# Jag's Betta Spec! Update 9/16



## Jaguar (Oct 13, 2011)

Initial planting 










Guppies are in!! I'm gonna have to figure out how to turn the filter down because they are getting blasted around... lol. Plants so far are vals, crispus, narrow leaf amazon sword, crypt wendtii red/green, crypt parva. Going to scour the beach for rocks for a hardscape today 










My first impressions are wow, this tank is pretty good for an all in one!

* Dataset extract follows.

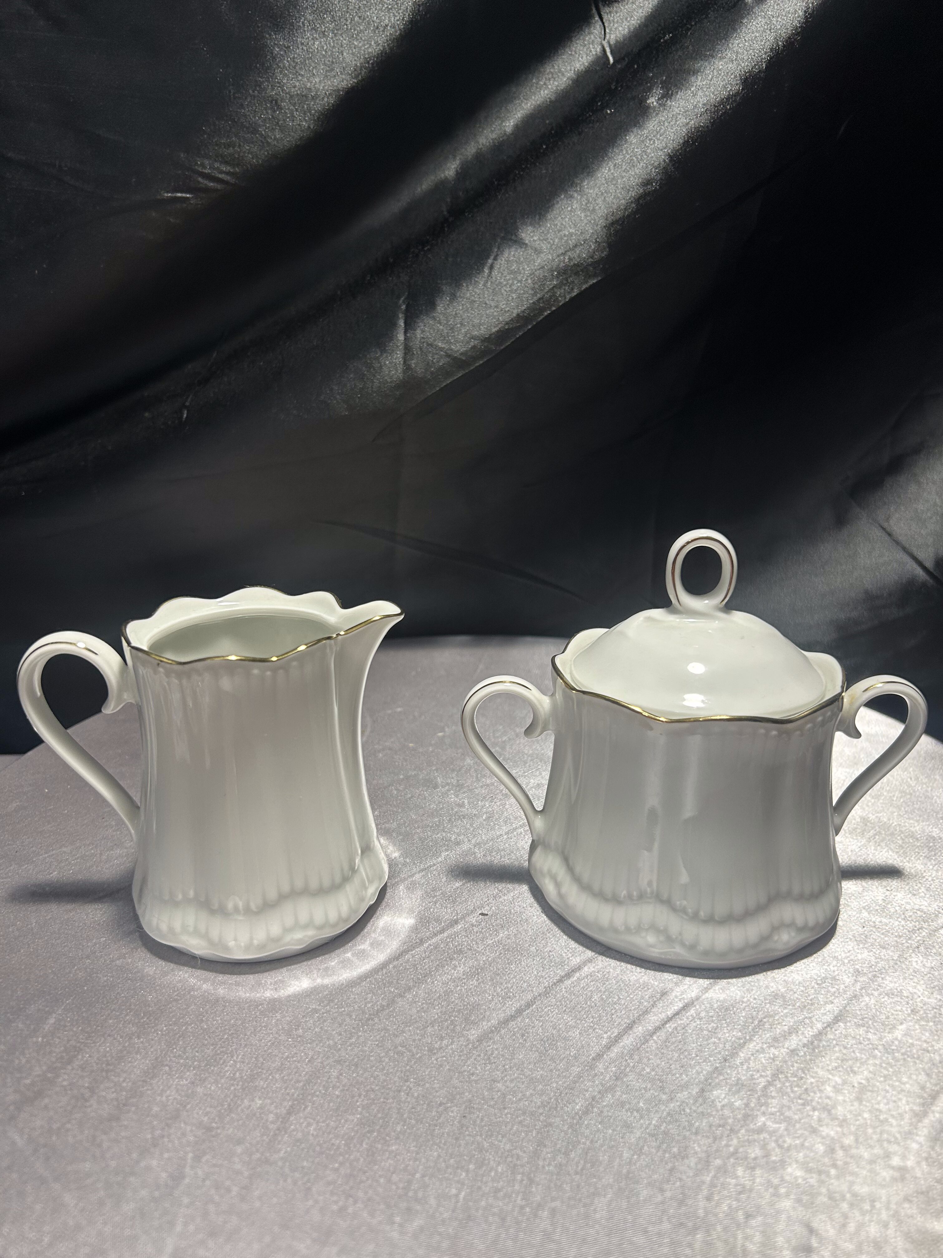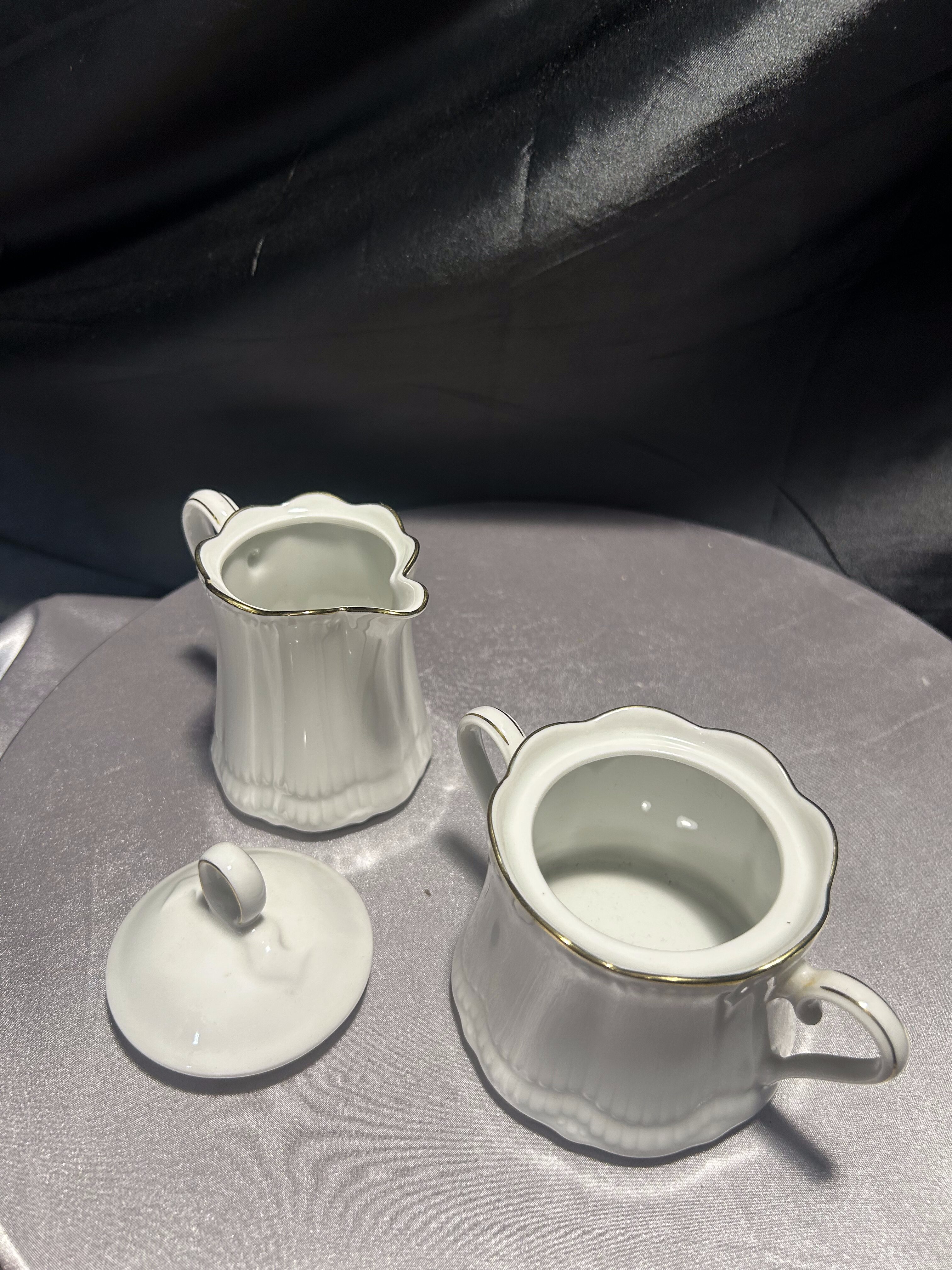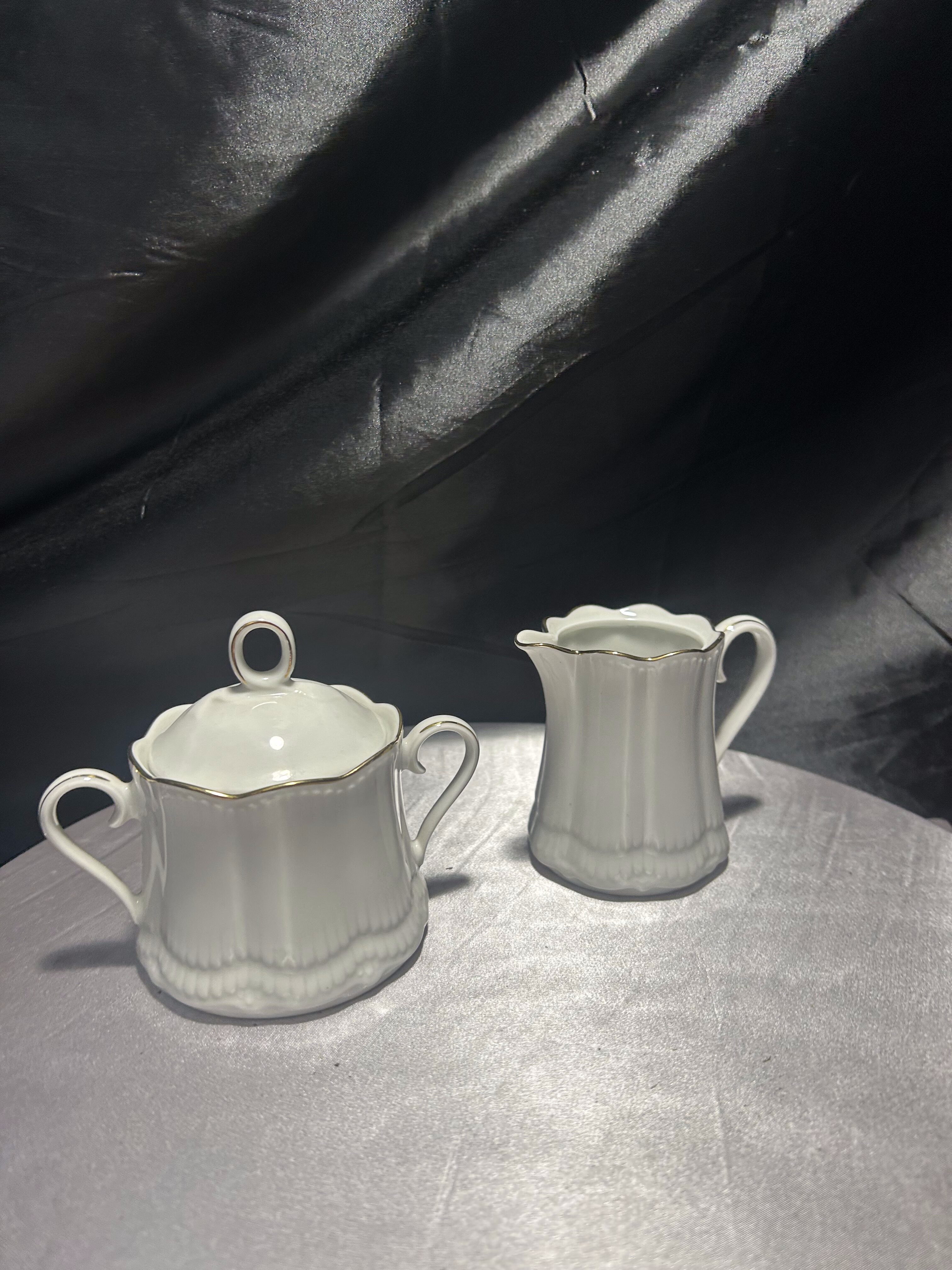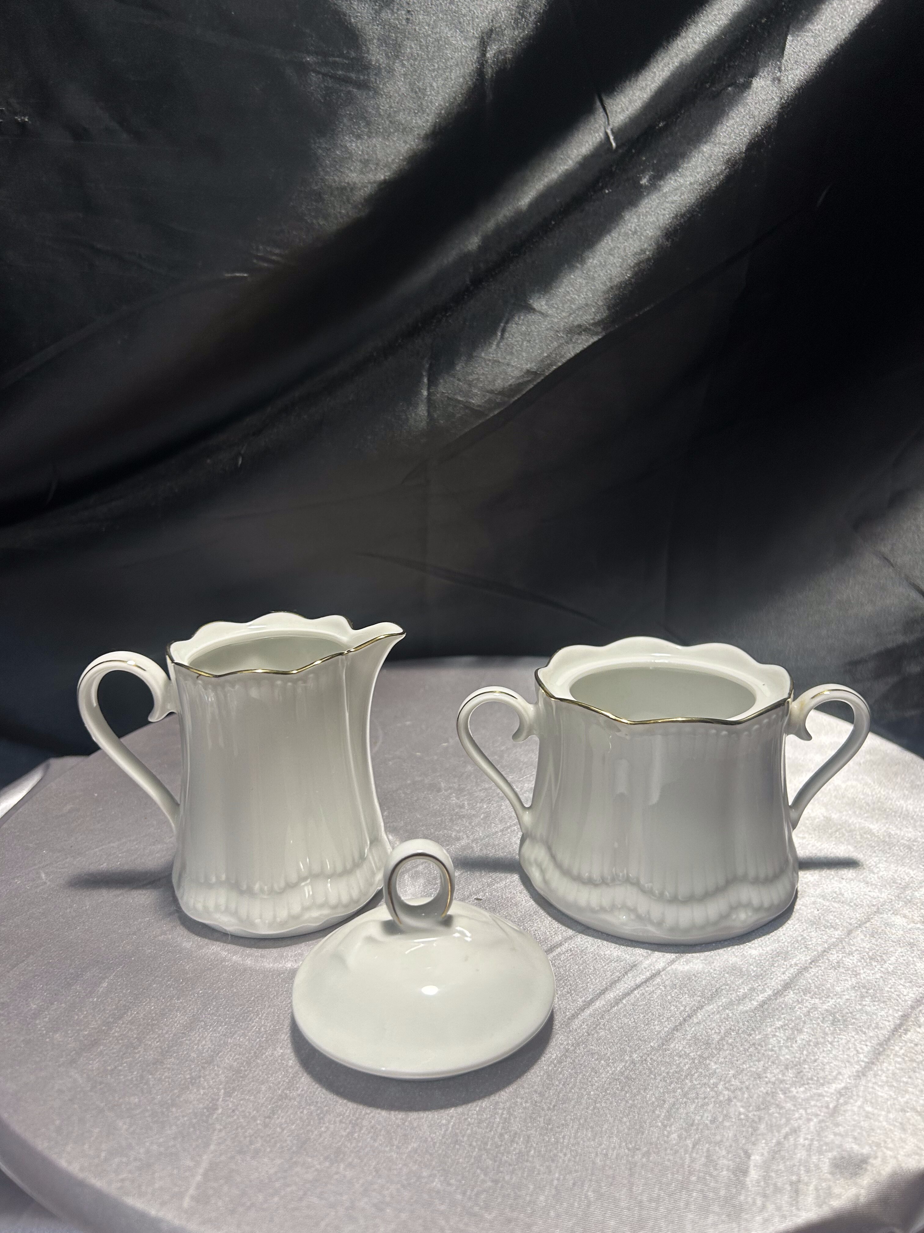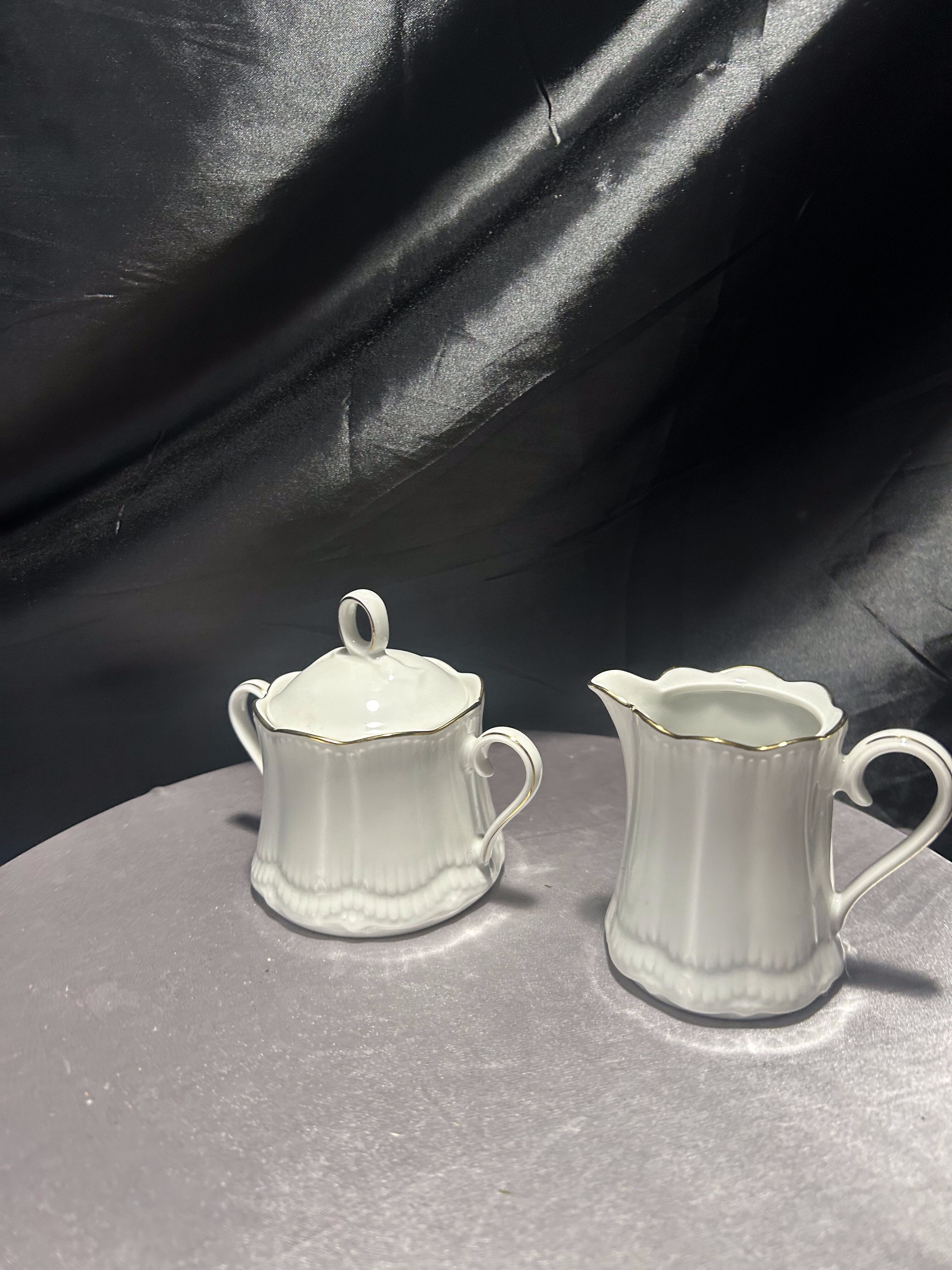 Elegancki zestaw składający się z porcelanowej cukiernicy z pokrywką i mlecznika, oba sygnowane „Schirnding Bavaria” (Made in W. Germany). Klasyczna forma ze złoconym wykończeniem i delikatną falą przy brzegu. Doskonałe do serwowania kawy lub herbaty, wyróżniające się estetyką lat 60./70.

Can't go wrong with a 40gph pump with a lot of media space in a less than 2 gallon tank, lol, but with the pump turned down all the way and some sponge crammed behind the overflow it's nothing guppies can't handle. The light is decent for a kit light, should definitely be bright enough for the low light plants I've got in there. It looks sleek too. I'd LOVE it if it was about a gallon bigger... but it's perfect for a betta, small fish like guppies, micro fish, or shrimp  We'll see how it holds out over time.


----------



## T3Knical5urg3 (May 16, 2012)

A simple way to turn the filter pressure down is to cut some slits in the rubber hosing running to the outflow. This also creates more water movement in that chamber, which is often used for heaters.

Another option is to use a valve. I dont remember the one I got but just measure the inside diameter and google search it.


----------



## Jaguar (Oct 13, 2011)

Ah, I should've thought about cutting slits in the hose.... I did cram one of those preset Tetra heaters back there. I will do that if the flow bugs the guppies too much. Right now they seem okay.

Unfortunately my rams are not doing very well. One of them is extremely dominant over the other and the submissive guy is looking very skinny and listless. I am going to have to separate them VERY soon. Today maybe. Stupid pet store gave me 2 males and they still fight in a heavily planted 33 gallon.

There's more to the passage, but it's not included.